Jesus said to his closest disciples on the night of their darkest trouble, “Little children, yet a little while I am with you. … Where I am going you cannot come.” … Simon Peter said to him, “Lord, where are you going?” Jesus answered him, “Where I am going you cannot follow me now, but you will follow afterward. … Let not your hearts be troubled. Believe in God; believe also in me. … I go and prepare a place for you, I will come again and will take you to myself, that where I am you may be also” (John 13:33, 36; 14:1, 3).

Just as forgiveness does not cancel all temporal consequences, so the joy of salvation does not cancel the pain of separation from God and temporary trouble in this world.

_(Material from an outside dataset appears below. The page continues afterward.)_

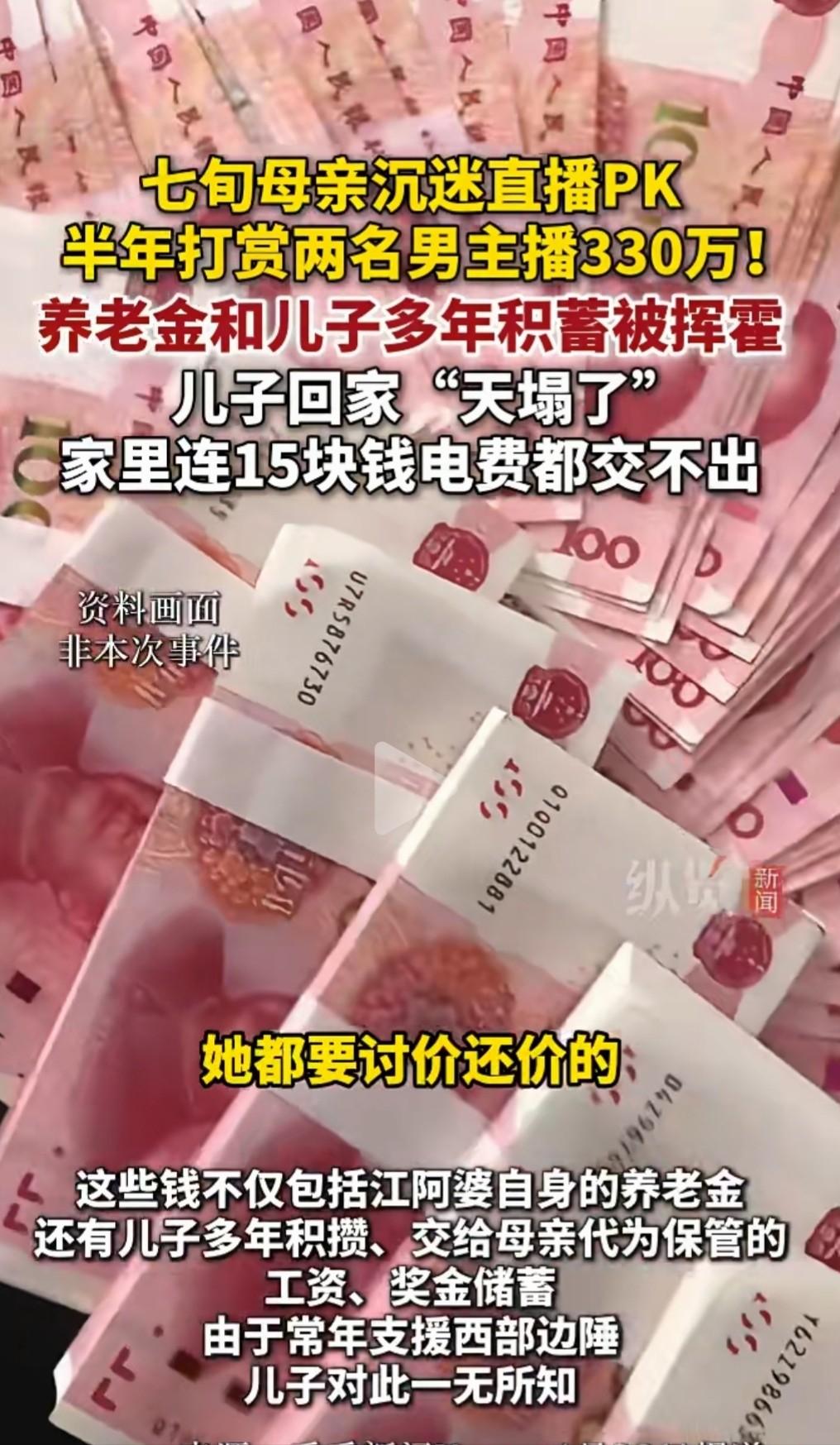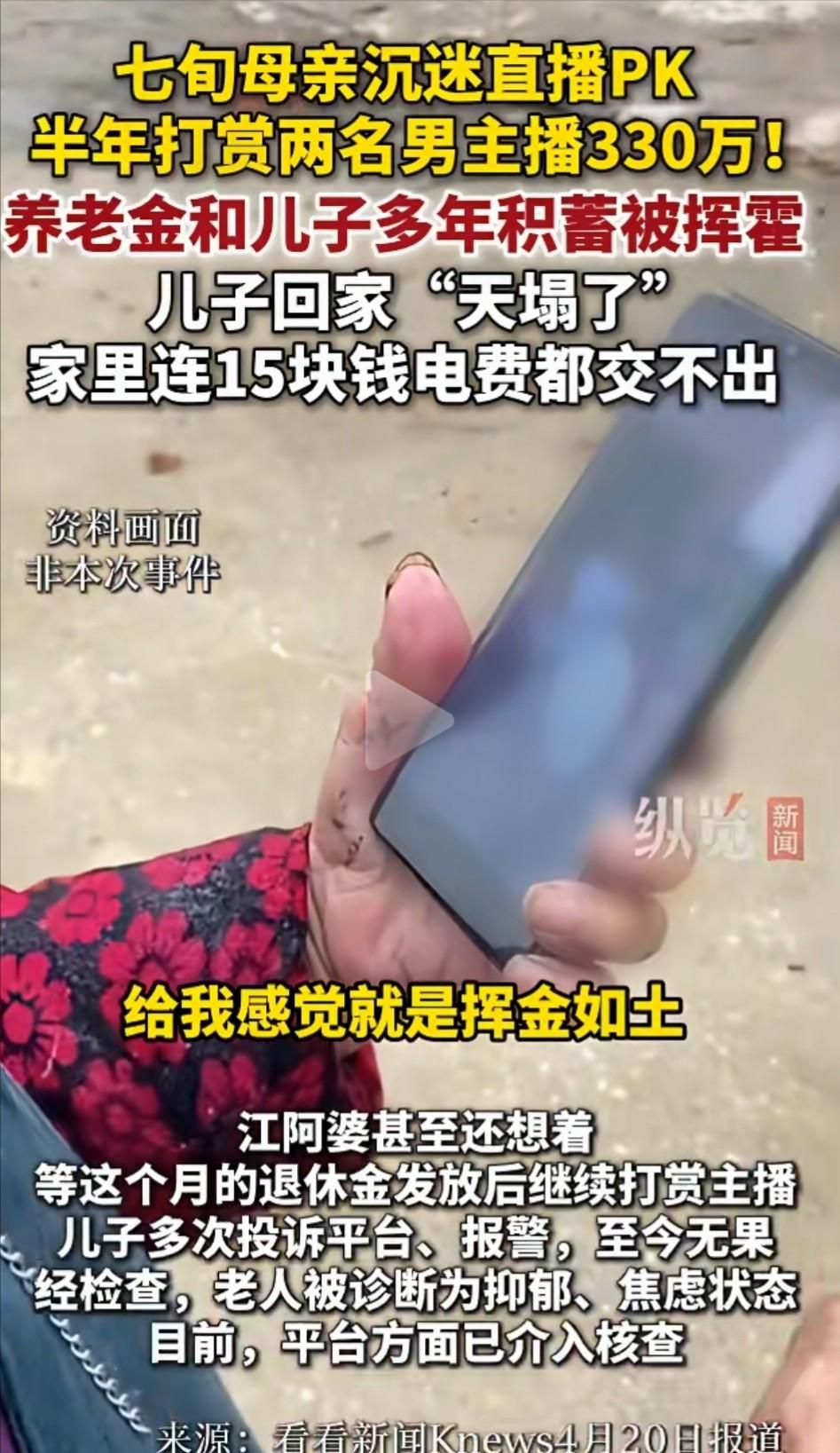 悲剧还是发生了!上海,70多岁的单身老太太,没人陪她,她太缺爱了,疯狂迷上了网上俩年轻男人,男人的温柔乡把老太太哄得团团转,她沉迷当“大姐”的快乐无法自拔,半年内掏光家底330万,最后穷的连几块钱的电费都交不上了! 336万,就这么没了。 上海一位七旬老人平日生活极度节俭,买菜时就连几毛钱的差价都会反复计较。可她沉迷直播仅半年,就将巨额积蓄,尽数挥霍,悉数打赏给了两名男性网络主播。单个虚拟礼物价值三千元,她出手却格外阔绰。 动辄一次性连刷三四个,丝毫没有犹豫,花钱完全不带迟疑,出手十分大方。最后,窘迫到连十几元的电费都无力缴纳,生活已然陷入拮据。可即便处境这般艰难,他依旧心心念念,只盼着养老金发放后,继续给他人充值打赏。 这事听起来荒诞,但荒诞背后藏着一套精密的情感收割系统。 江阿婆丧偶多年,儿子常年驻守边疆,一个人过日子。某天闲暇刷手机时,她偶然刷到一位男主播的唱歌片段。对方嗓音温润,言辞温柔又饱含深情,字字句句都格外戳心,瞬间打动了她,让她心生触动。自那之后,这位往日总爱出门散步闲逛的老人性情大变,整日寸步不离抱着手机,整日精神萎靡,连饭菜也没了胃口,日渐沉默消沉。 后来她又认识了另一个跳舞男主播,同样的套路再来一遍,她照单全收。两个男人构建出来的虚假陪伴感,让她觉得自己还被人需要着、惦记着。这种感觉太久违了,她舍不得放手。 钱是怎么没的?大头砸进了跳舞主播的直播间,另外50多万给了唱歌的那个。她不仅耗尽了毕生积攒的全部积蓄,就连儿子托付给她代为保管的钱财,也一并填了进去,尽数付诸一空。 儿子远赴边疆务工,难得归家探望母亲,无意间查到账单,才惊觉真相。望着母亲日积月累的高额打赏流水,一笔笔数额触目惊心,眼前的一幕,瞬间让他整个人错愕不已,难以接受。他带母亲去做精神鉴定,结果显示老人处于焦虑、抑郁状态。 眼下最关键的疑问来了,这笔高达336万的款项,究竟还有没有追回的希望,后续能否顺利全额要回来? 从法律层面来看分两种情形:若江阿婆具备完全民事行为能力,主动打赏属于自愿民事行为,依法无法要求返还;但如果她的焦虑抑郁严重到影响了判断力和自控力,那她就属于限制民事行为能力人,打赏行为可能被认定无效,钱就有希望追回。 难点在于举证。单纯年龄大不构成理由,得证明她在每一笔打赏发生时,精神状态已经严重到无法正常判断。这个时间线拉了半年,每一笔都要界定,难度可想而知。 更麻烦的是老人自己的态度。家人越指责,她反而越护着那两个主播。不是她真糊涂到底,是她不愿承认自己的孤独被人看穿了,不愿承认自己花大钱买的只是几句好听话。这种羞耻感,比损失本身还难受。 这类骗局早就不是单纯骗钱了。其本质是刻意维系人情牵绊,刻意制造情感依附,再借着群体情绪造势,精准批量拿捏、收割大众心绪,暗藏功利算计。 过去保健品推销多靠人员上门兜售,如今则变成平台算法精准投喂。加上AI换脸、模拟人声技术泛滥,虚实影像与真假人声交织,人和虚拟形象的边界愈发模糊难辨。从一对一围猎进化成系统化筛选,老人爱看什么、容易被什么打动,很快就被摸清。 问题的根子不在老人糊涂,在于整个社会对老年孤独的忽视。不少子女误以为按时给足生活费,就算尽到赡养责任。殊不知老人即便手头不缺钱,情感上却倍感孤单,缺少陪伴与牵挂,内心依旧空虚落寞,晚年生活难有真正的安稳与温暖。家里人不去填那块空地方,外面就会有人盯上。 江阿婆丧失的不只是钱,是安全感、价值感和被需要的感觉。当一个70岁的老人只能从屏幕里找到存在感,谁才是真正的帮凶? 治这类事,光靠老人提高警惕远远不够。家庭陪伴、社区接住、平台约束,一个都不能少。否则类似的事只会一桩接一桩,下一个江阿婆随时可能出现。 参考信息:新闻坊.(2026,4月20日).为赢PK刷光家底!七旬老妪狂撒336万,儿子:怎么有这样的妈…….环球网.

This point is well illustrated in the deeply troubled hearts experienced that fateful night. The first cause of the agitation of their souls was owing to imminent separation from Christ. But it was His going away that would bring the definitive cancellation of separation forever! They would not be able to follow Him if He did not depart. They would not be able to stay with Him if He did not leave them. If He departs, only then will they be able to follow. If He leaves them, only then will they be able to remain with Him.

There is a deep lesson in this painful paradox: it is the lesson of faith. It is—owing to the treachery of a sin, the Fall, and its consequences—that sometimes the most troublesome realities that are not only unavoidable but unthinkable to us, serve a greater good in the grand scheme of reality. But only faith can rightly appraise such things. Answers do little to comfort.

Faith embraces the substance of truth that feelings cannot even touch. Faith holds on where feelings have nothing to grasp. Feelings are limited in perception, being anchored to space-time experience; faith is not so constrained. It perceives the imperceptible, sees the unseen, and holds what has no form. Faith is not credulity or an unthinking superstition. Faith is not the answer of ignorance; it is the evidence of heart knowledge.

In the midst of your greatest trial, I pray that you would find comfort in these words of Christ, which are trustworthy and true: “Let not your hearts be troubled. Believe in God; believe also in me” (Jn 14:1).